Modulai joined forces with Abios Gaming to build an object detection and OCR solution for extracting real-time information from gaming tournament video streams. The system tracks weapons, tools, and player interactions to provide a structured event stream, enabling Abios to generalize their solution to new game titles faster and more reliably.


  • Challenge

    Abios Gaming provides an API for live information on games, teams, and players in esports tournaments. To strengthen their offer, Modulai joined their tech team to build an object detection and OCR solution for extracting information on the fly from real-time video streams of gaming tournaments.

  • Solution

    The system detects and tracks timestamped events corresponding to the objects players possess or use, providing a structured stream of events that captures essential information about the tournament's evolution. In the absence of large annotated image datasets, the core of the project was to create a robust pipeline for generating synthetic datasets with images and annotations, and to train a neural network for improved detection, localization, and semantic segmentation.

  • Tools

    A pipeline for synthetic data generation was developed to solve the object detection task.
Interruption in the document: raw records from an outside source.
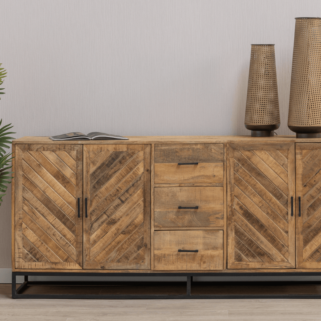Komoda Reno je ideální pro Váš domov nebo kancelář! Nejen pro její houževnatý, robustní charakter, ale zejména pro řadu možností uložení. Nábytek má dvě prostorné přihrádky za každými dvěma dvířky se třemi prostornými zásuvkami mezi nimi, takže nábytek je ideální pro uložení všech druhů věcí.
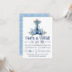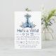 Boys wild one first birthday party invitation with blue tribal teepee and blue arrows on a blue Aztec tribal design background. These tribal wild one first birthday party invitations are easily customised for your event by simply adding your details.
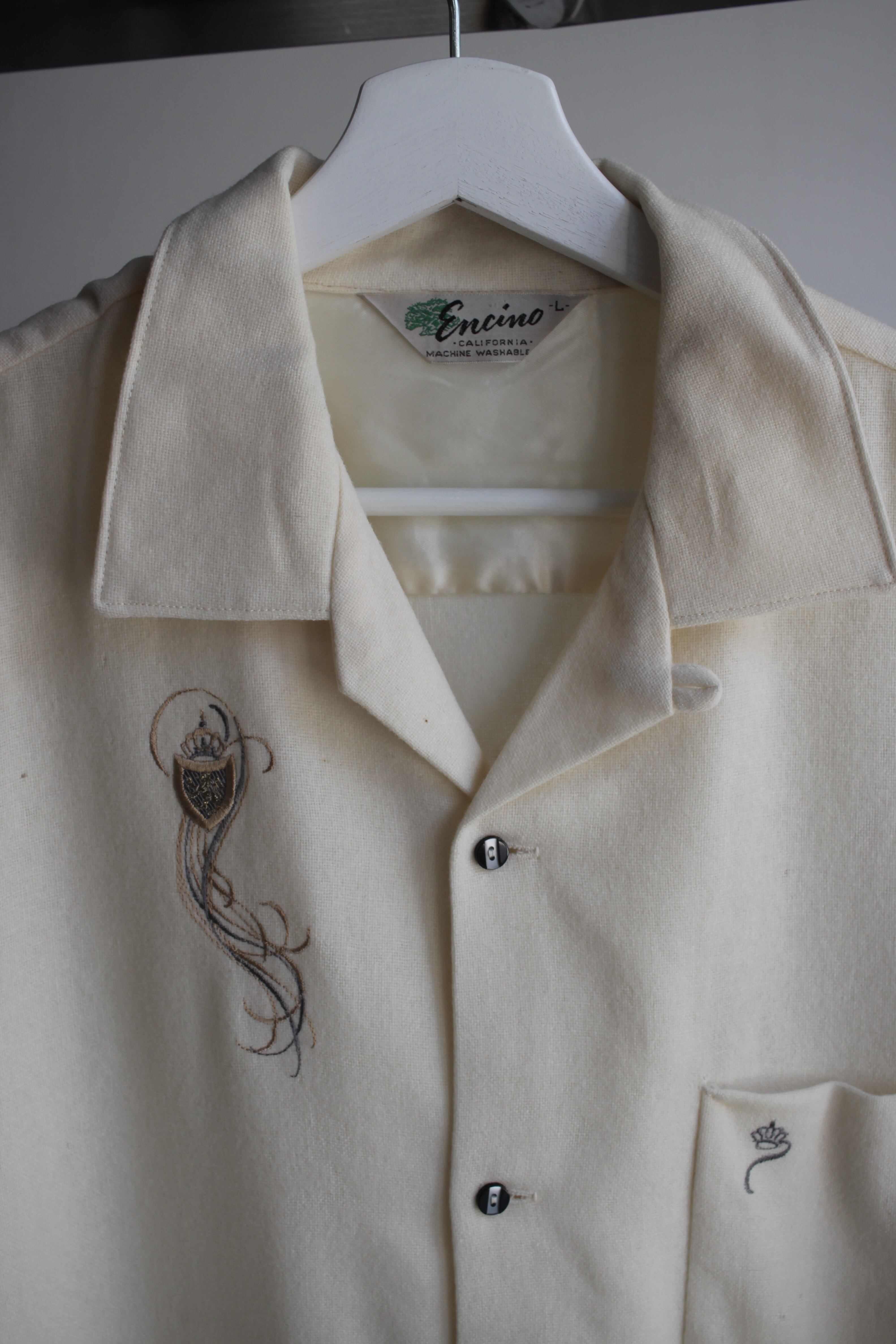 50s Encino Wool Shirt / vintage ビンテージ ヴィンテージ 古着 ウール シャツ 開襟 刺繍 単色 white 白 アイボリー L 50 年代
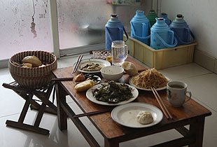 上百種藥瓶藥盒成為這個(gè)家庭最刺眼的標(biāo)簽。貧困母親郭明星,46歲,是全家人的支柱。來(lái)到這個(gè)家時(shí),他們正在準(zhǔn)備吃午飯。幾個(gè)包子、兩碟咸菜、一盤土豆絲,竟就是一家四口人的中餐。簡(jiǎn)單得沒(méi)法用詞語(yǔ)形容。
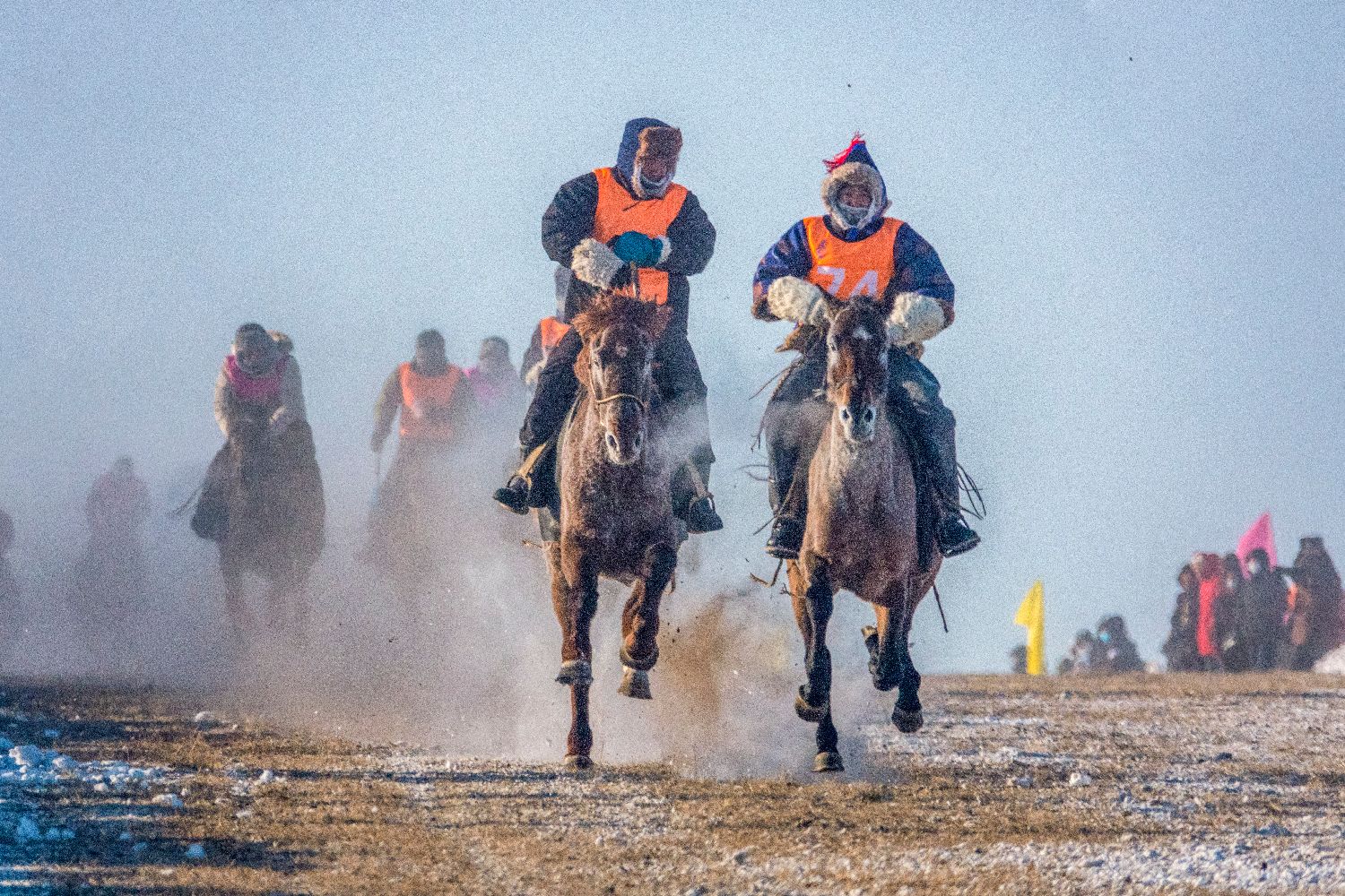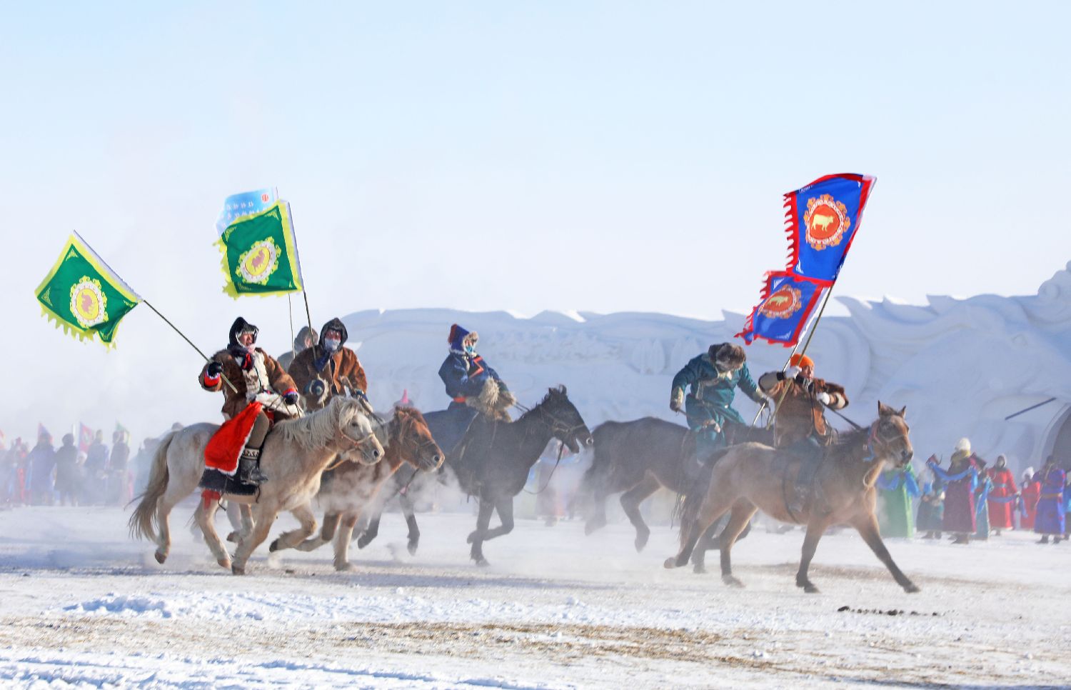 内蒙古自治区第二十届冰雪那达慕17日在呼伦贝尔市陈巴尔虎旗开幕。冷冷冰雪没有浇灭热情,游客与当地牧民共襄盛举,沉浸式感受草原野性之美。图为蒙古马1000米速度赛现场。(中新社)

Several object detection implementations in PyTorch and TensorFlow were tested and tuned. The final solution was based on a Mask R-CNN that substantially improved the existing classical computer vision approach, enabling the client to generalize to new game titles more simply and quickly.

  • Value created

    Modulai built and handed over the detection pipeline for Abios to run and extend themselves. Built on a Mask R-CNN trained on synthetically generated data, it substantially outperformed the classical computer vision approach Abios had used before, and because the synthetic data pipeline removed the need for large hand-annotated datasets, Abios could bring the system to new game titles far faster than before. The approach went on to support computer vision data across multiple esports titles in Abios' live API.